• EXERCISE DETAILS: Copy the listing exactly; drop the pictures.

• SUPPLIED INFORMATION:
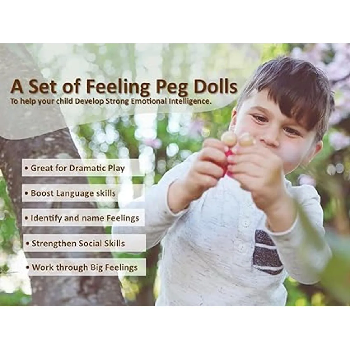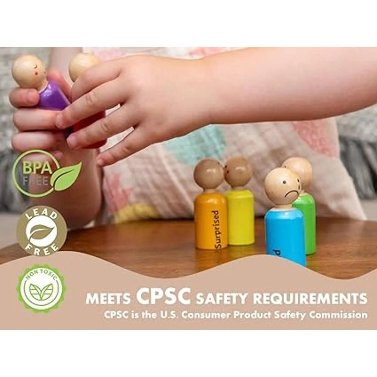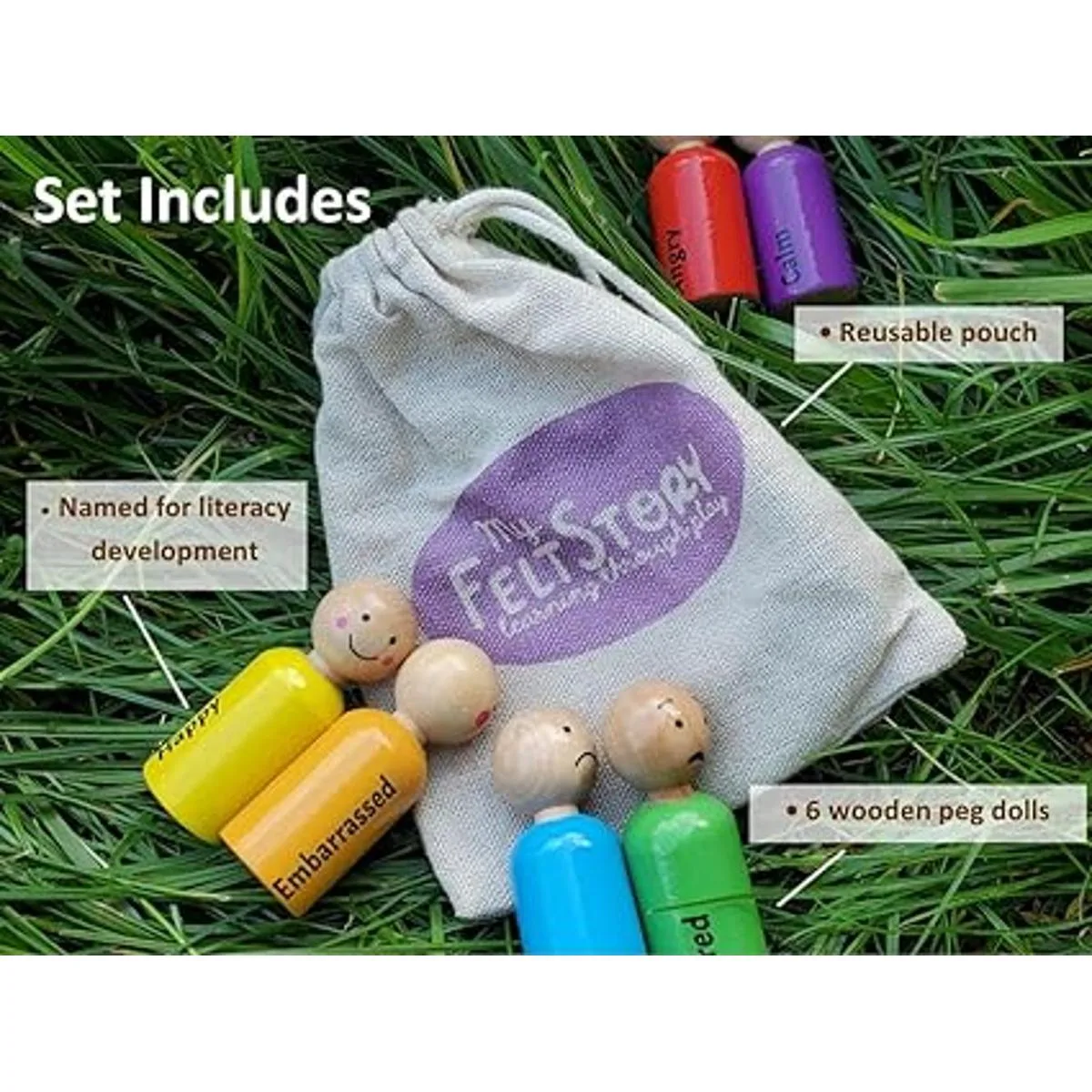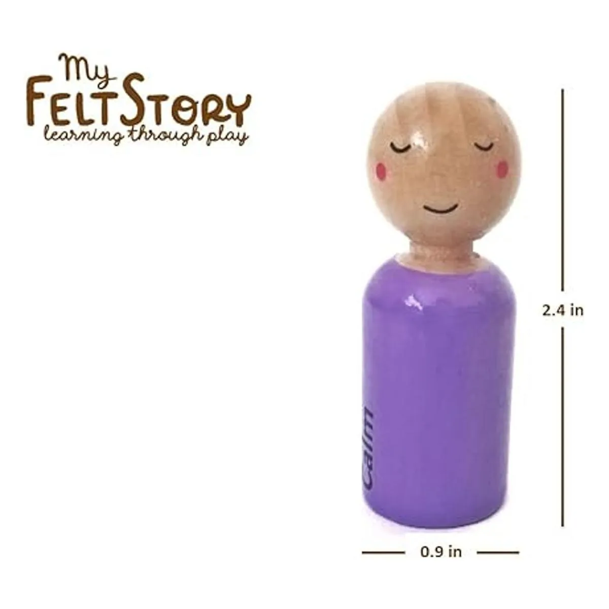 My Felt Story, Muñecas de 6 clavijas de sensación, madera de arcoíris, aprendizaje socialemocional, preescolar Montessori Reggio, figuras de personas emotivas
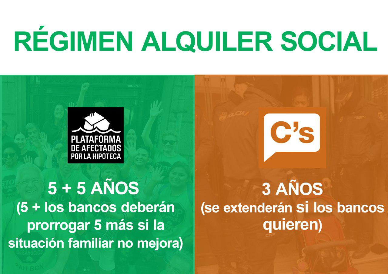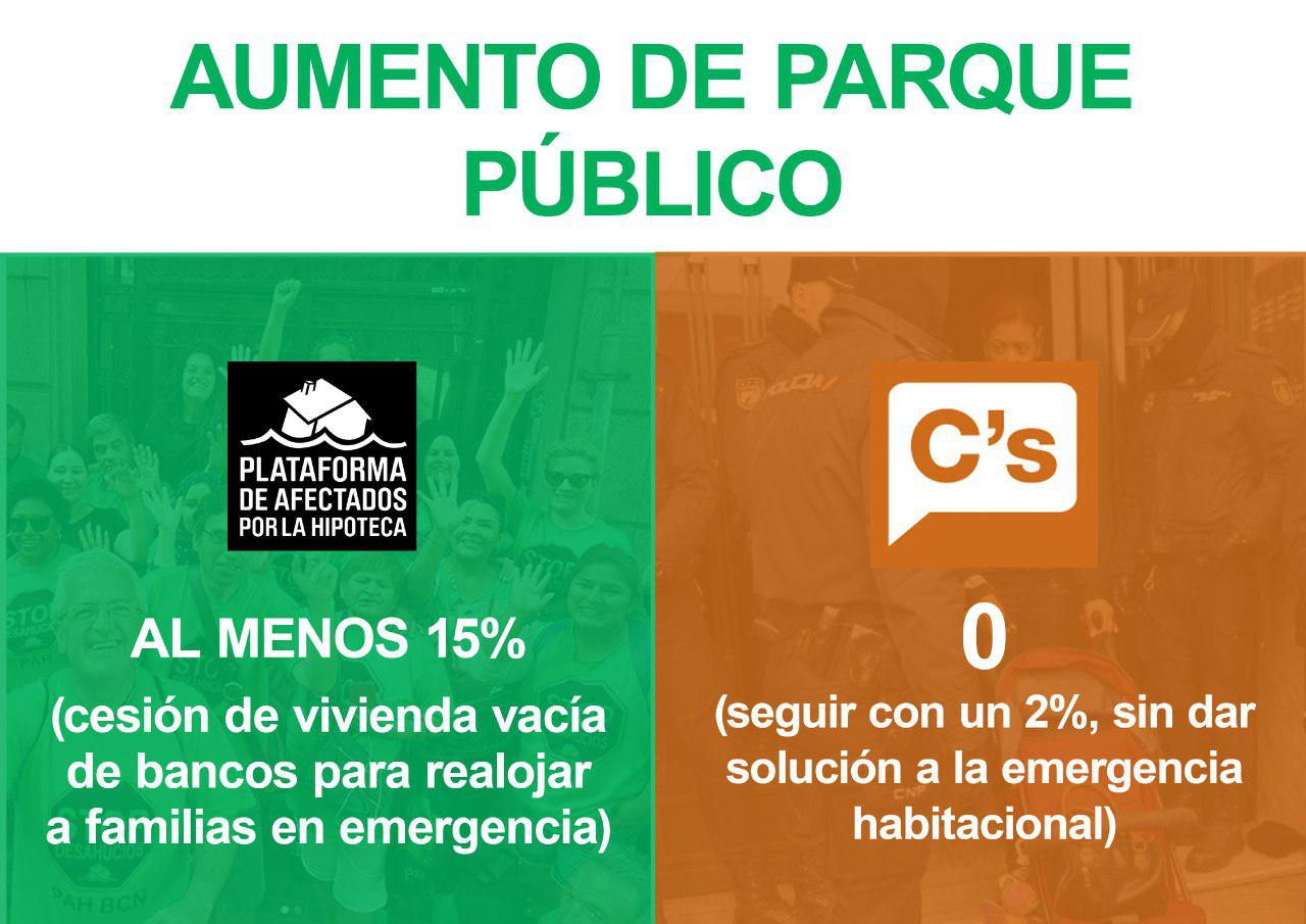 Un partido como Ciudadanos, que miente sobre sus responsabilidades políticas, es un partido que solo piensa en su imagen, mientras cada día siguen desahuciando a 173 familias. Por si fuera poco el engaño perpretado, Ciudadanos ha respondido con una campaña de desprestigio a la Ley Vivienda PAH, promoviendo a la vez una ley propia de segunda oportunidad: una ley para la que no han consultado con las familias, que no incluye medidas retroactivas para cancelar deudas de por vida de familias que han sido desahuciadas, que no incluye ninguna medida para acabar con los desahucios y que pretenden utilizar como coartada para impedir el debate democrático de la Ley Vivienda PAH.
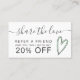 Makeup hair girly pastel mint green heart script font share the love professional referral card. the hearts colors are fully editable.
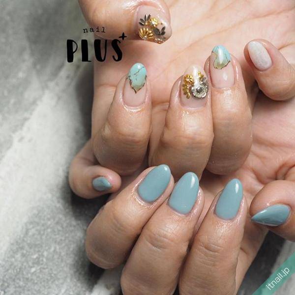 例えば、おしゃれに見えるアシンメトリーデザインはいかがでしょうか?流行の天然石風ネイルとゴールドパーツを使ったアートは、どことなくエスニックな雰囲気を漂わせる夏向けデザイン。反対の手はくすみブルーのワンカラーでシンプルにきめると、センスのよいネイルになりますよ。
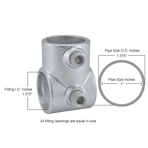 Single Socket Tee Pipe Fitting is used to join two pipes together at a 90 degree angle when building pipe hand railing, guard rail or other pipe-based structures. Single Socket Tee is made from galvanized iron for corrosion resistance and long lasting strength. Fittings lock onto 1″ diameter pipe with hardened set screws (included) for secure connection. Anchor hole is slightly larger than ½” diameter.
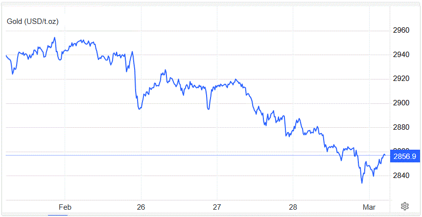 "Vàng đã lập kỷ lục vào ngày 24/2, ở mức gần 2956 USD. Hoạt động chốt lời đã diễn ra trong những ngày gần đây". “Thật trớ trêu, kim loại quý màu này đã hoạt động giống một tài sản rủi ro hơn là một nơi trú ẩn”. “Mức hỗ trợ ban đầu hiện có thể là gần 2814 USD và nếu phá vỡ có thể xuống 2770 USD”. “Các chỉ báo động lượng đang giảm. Các nhà giao dịch có thể đang thận trọng dò “đáy” cho đến khi có một số dấu hiệu kỹ thuật cho thấy giáo đảo ngược tăng trở lại”.

• ANSWER BOX:
 My Felt Story, Muñecas de 6 clavijas de sensación, madera de arcoíris, aprendizaje socialemocional, preescolar Montessori Reggio, figuras de personas emotivas
 Un partido como Ciudadanos, que miente sobre sus responsabilidades políticas, es un partido que solo piensa en su imagen, mientras cada día siguen desahuciando a 173 familias. Por si fuera poco el engaño perpretado, Ciudadanos ha respondido con una campaña de desprestigio a la Ley Vivienda PAH, promoviendo a la vez una ley propia de segunda oportunidad: una ley para la que no han consultado con las familias, que no incluye medidas retroactivas para cancelar deudas de por vida de familias que han sido desahuciadas, que no incluye ninguna medida para acabar con los desahucios y que pretenden utilizar como coartada para impedir el debate democrático de la Ley Vivienda PAH.
 Makeup hair girly pastel mint green heart script font share the love professional referral card. the hearts colors are fully editable.
 例えば、おしゃれに見えるアシンメトリーデザインはいかがでしょうか?流行の天然石風ネイルとゴールドパーツを使ったアートは、どことなくエスニックな雰囲気を漂わせる夏向けデザイン。反対の手はくすみブルーのワンカラーでシンプルにきめると、センスのよいネイルになりますよ。
 Single Socket Tee Pipe Fitting is used to join two pipes together at a 90 degree angle when building pipe hand railing, guard rail or other pipe-based structures. Single Socket Tee is made from galvanized iron for corrosion resistance and long lasting strength. Fittings lock onto 1″ diameter pipe with hardened set screws (included) for secure connection. Anchor hole is slightly larger than ½” diameter.
 "Vàng đã lập kỷ lục vào ngày 24/2, ở mức gần 2956 USD. Hoạt động chốt lời đã diễn ra trong những ngày gần đây". “Thật trớ trêu, kim loại quý màu này đã hoạt động giống một tài sản rủi ro hơn là một nơi trú ẩn”. “Mức hỗ trợ ban đầu hiện có thể là gần 2814 USD và nếu phá vỡ có thể xuống 2770 USD”. “Các chỉ báo động lượng đang giảm. Các nhà giao dịch có thể đang thận trọng dò “đáy” cho đến khi có một số dấu hiệu kỹ thuật cho thấy giáo đảo ngược tăng trở lại”.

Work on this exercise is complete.